On further examination, the CCI noted that its primary concern lay in the fact that cement industry is prone to cartelization and had a history of cartelization as well having been fined on multiple occasions in the past, and the transaction may lead to more collusion amongst the players.

However, the CCI also took note of the auctioning of ten limestone mines which would open up market capacity by 20 MTPA, as well as the weak financial position and low-capacity utilisation of India Cements. The CCI noted that the proposed combination is critical for India Cement continued viability. Combined with the entry of players such as Adani and JSW the Commission concluded that this would address its potential concerns. 

In relation to the Orient Cement Acquisition, the CCI, basis the dynamics of location of cement production cluster and dispatch patterns noted that the geographical market ought to comprise of Andhra Pradesh, Telangana, Karnataka, Gujarat and Maharashtra.

However, the combined market share of the partes was 15-20%, with an incremental market share of less than 5%. Other major players were also present such as Ultratech, JSW, and Dalmia. Thus, the CCI concluded that the transaction is not likely to change the competition dynamics.

KKR GETS CCI NOD FOR CONTROLLING STAKE IN HGEL

CCI vide Order dated 01 May 2025 approved the proposed combination involving the acquisition of 54% diluted voting share capital and sole control over HealthCare Global Enterprises Limited (HGEL/Target), a publicly listed company, operating multi-specialty hospitals, cancer care centres, and diagnostic facilities across India.

The Commission assessed potential overlaps and relationships between the Target and KKR's portfolio companies, and found that HGEL's operations overlapped with Baby Memorial Hospital, in the provision of Quaternary Care Segment (liver, kidney, and bone marrow transplant services) and telemedical consultation services. However, the combined market shares in these segments were minimal (0-5% or 5-10% for bone marrow transplants), with negligible incremental impact and significant competition from other players.

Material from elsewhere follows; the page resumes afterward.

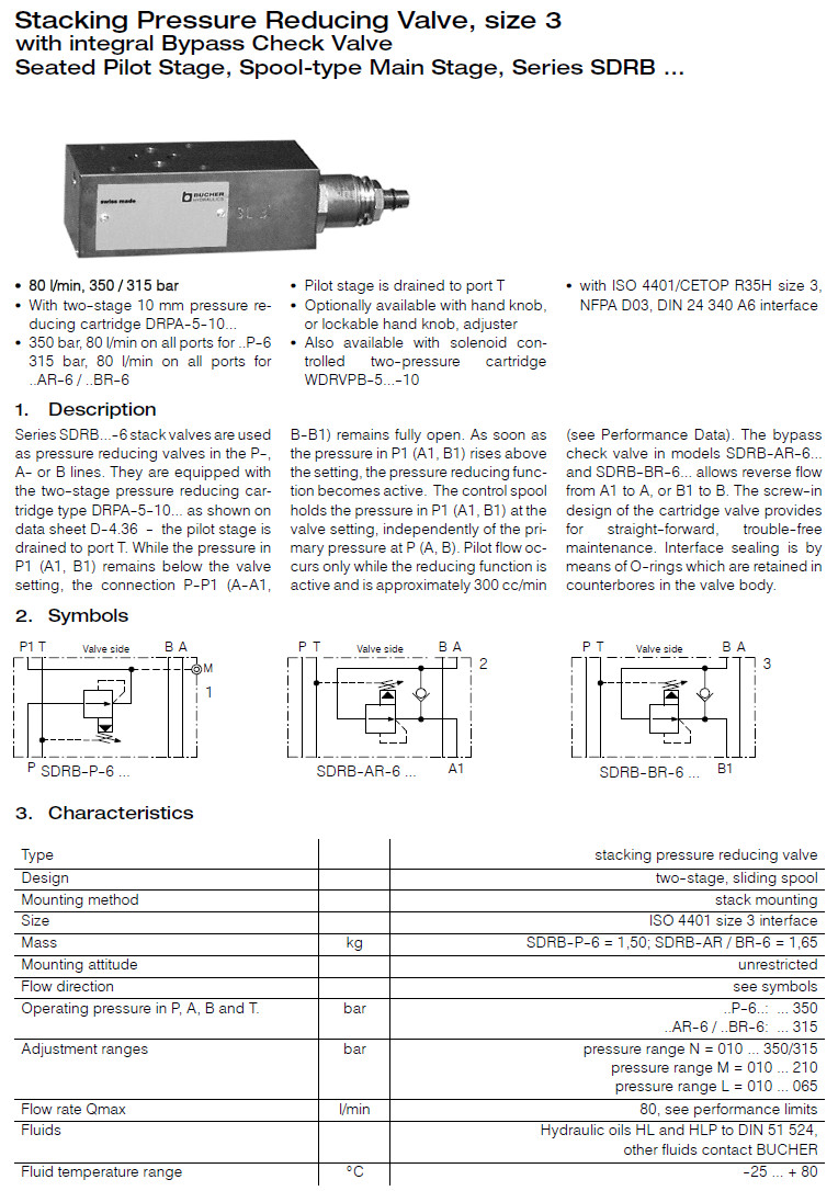 SDRB-AR-6-SN,SDRB-PR-6-HN,SDRB-BR-6-ZN,SDRB-AR-6-SL,SDRB-PR-6-ZL,Bucher减压阀
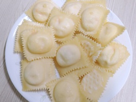 라비올리는 반달이나 네모로 만든 만두 모양이며 속 재료는 생선이나 고기, 치즈 등 다양한 재료를 넣어 만든다고 합니다.

Vertically, KKR's portfolio companies, J.B. Chemicals & Pharmaceuticals and Healthium Medtech, supplied pharmaceutical products and medical devices to HGEL, but their market shares were insignificant, posing no foreclosure risks.

Finally, the CCI found an ancillary relationship existed with Shri Ram General Insurance (another KKR portfolio company) in health insurance, However, due to the presence of other market players, competition concerns did not arise.

Consequently, CCI unconditionally approved the combination.

The content of this article is intended to provide a general guide to the subject matter. Specialist advice should be sought about your specific circumstances.